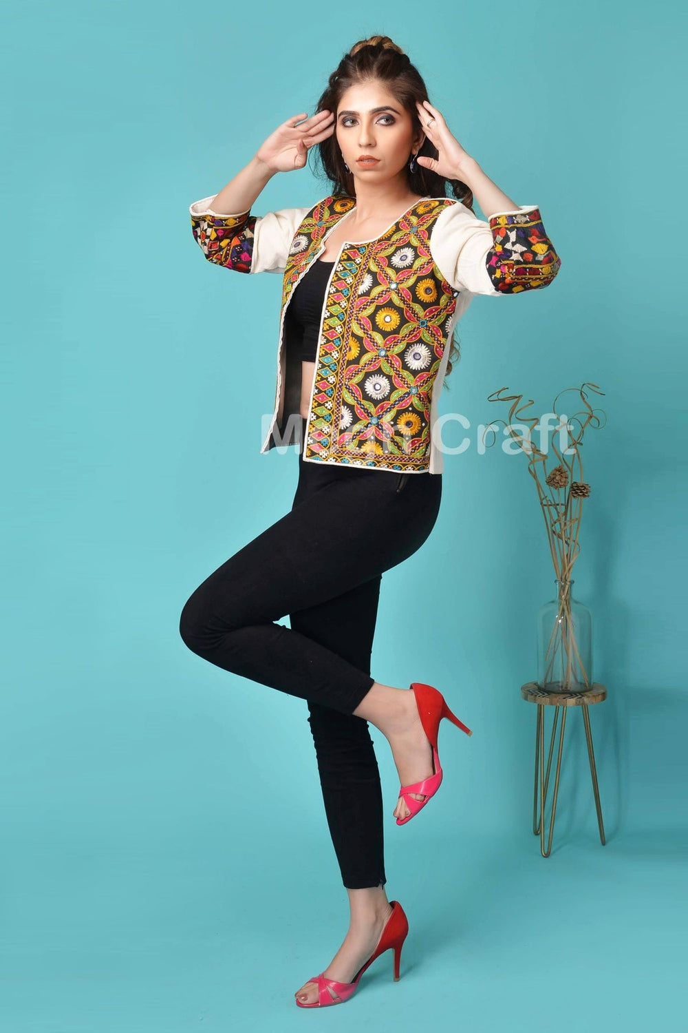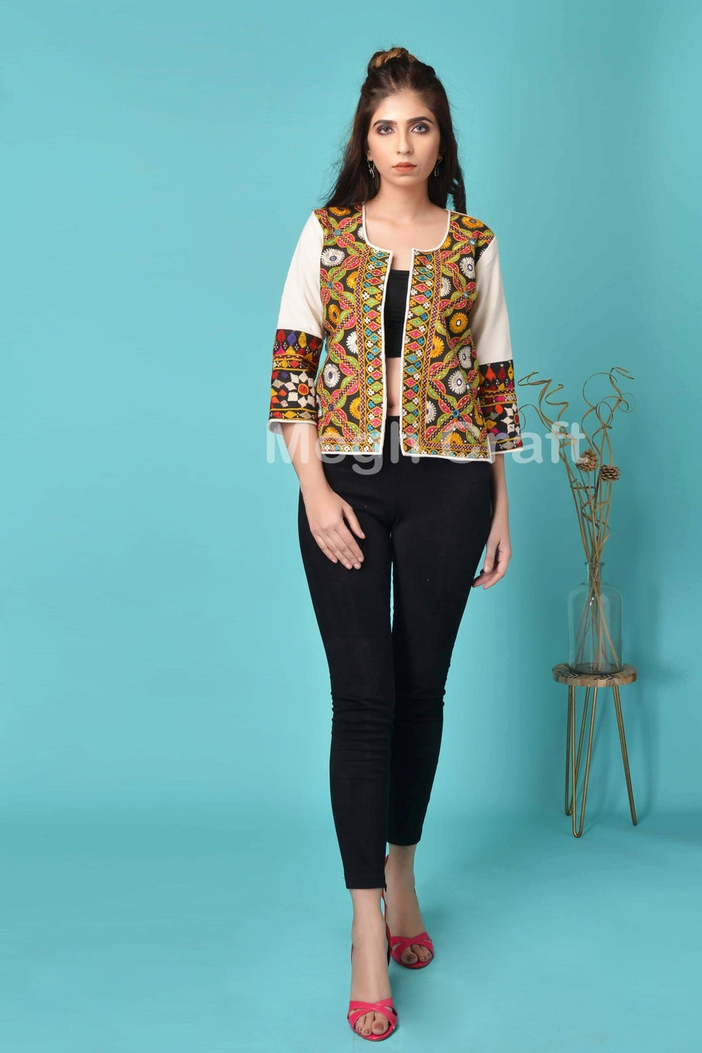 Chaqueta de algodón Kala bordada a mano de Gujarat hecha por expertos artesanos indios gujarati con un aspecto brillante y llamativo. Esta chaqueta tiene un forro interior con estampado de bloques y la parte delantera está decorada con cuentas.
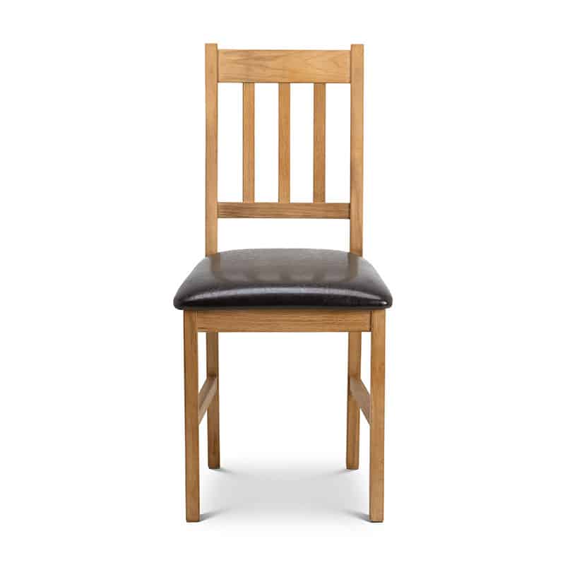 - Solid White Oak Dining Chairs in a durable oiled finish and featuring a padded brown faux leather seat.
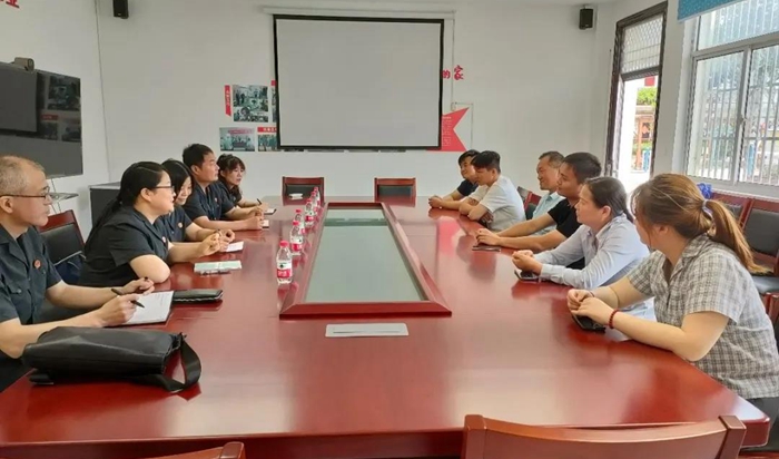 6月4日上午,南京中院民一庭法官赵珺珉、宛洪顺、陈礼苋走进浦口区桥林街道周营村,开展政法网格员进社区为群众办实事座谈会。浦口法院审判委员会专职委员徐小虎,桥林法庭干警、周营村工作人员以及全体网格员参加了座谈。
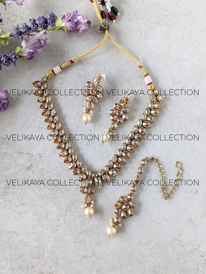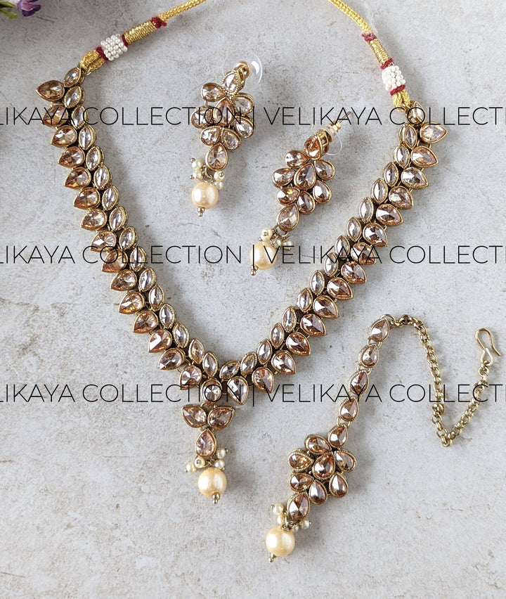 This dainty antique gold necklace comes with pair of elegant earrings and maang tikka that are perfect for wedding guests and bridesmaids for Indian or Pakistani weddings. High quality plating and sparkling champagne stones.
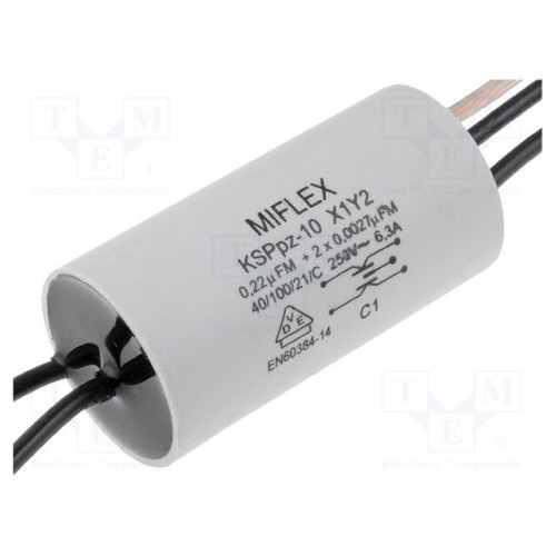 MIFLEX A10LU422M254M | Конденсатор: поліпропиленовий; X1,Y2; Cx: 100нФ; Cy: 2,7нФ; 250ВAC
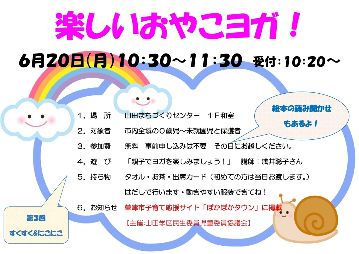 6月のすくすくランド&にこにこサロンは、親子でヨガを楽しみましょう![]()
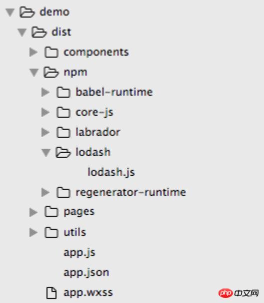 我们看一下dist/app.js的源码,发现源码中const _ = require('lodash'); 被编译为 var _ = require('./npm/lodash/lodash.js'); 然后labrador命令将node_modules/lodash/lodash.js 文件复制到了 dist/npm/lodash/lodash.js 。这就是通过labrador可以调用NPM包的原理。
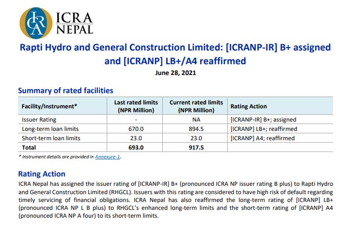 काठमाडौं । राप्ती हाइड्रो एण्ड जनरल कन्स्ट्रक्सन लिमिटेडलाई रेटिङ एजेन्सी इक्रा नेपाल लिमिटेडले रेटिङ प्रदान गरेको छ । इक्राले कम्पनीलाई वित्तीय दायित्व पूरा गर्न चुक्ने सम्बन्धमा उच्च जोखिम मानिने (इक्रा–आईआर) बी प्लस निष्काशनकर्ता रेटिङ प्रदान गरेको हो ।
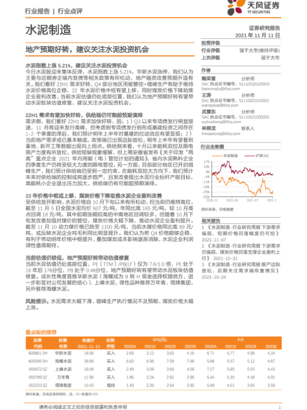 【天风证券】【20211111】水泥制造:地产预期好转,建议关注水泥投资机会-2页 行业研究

──────

HOW TO COMPLETE THIS TASK: From the records above, extract the lines from the one holding "MIFLEX A10LU422M254M |" through the one holding "我们看一下dist/app.js的源码,发现源码中const _ = require('lodash');", word for word; omit the pictures.

RESPONSE AREA:
 MIFLEX A10LU422M254M | Конденсатор: поліпропиленовий; X1,Y2; Cx: 100нФ; Cy: 2,7нФ; 250ВAC
 6月のすくすくランド&にこにこサロンは、親子でヨガを楽しみましょう![]()
 我们看一下dist/app.js的源码,发现源码中const _ = require('lodash'); 被编译为 var _ = require('./npm/lodash/lodash.js'); 然后labrador命令将node_modules/lodash/lodash.js 文件复制到了 dist/npm/lodash/lodash.js 。这就是通过labrador可以调用NPM包的原理。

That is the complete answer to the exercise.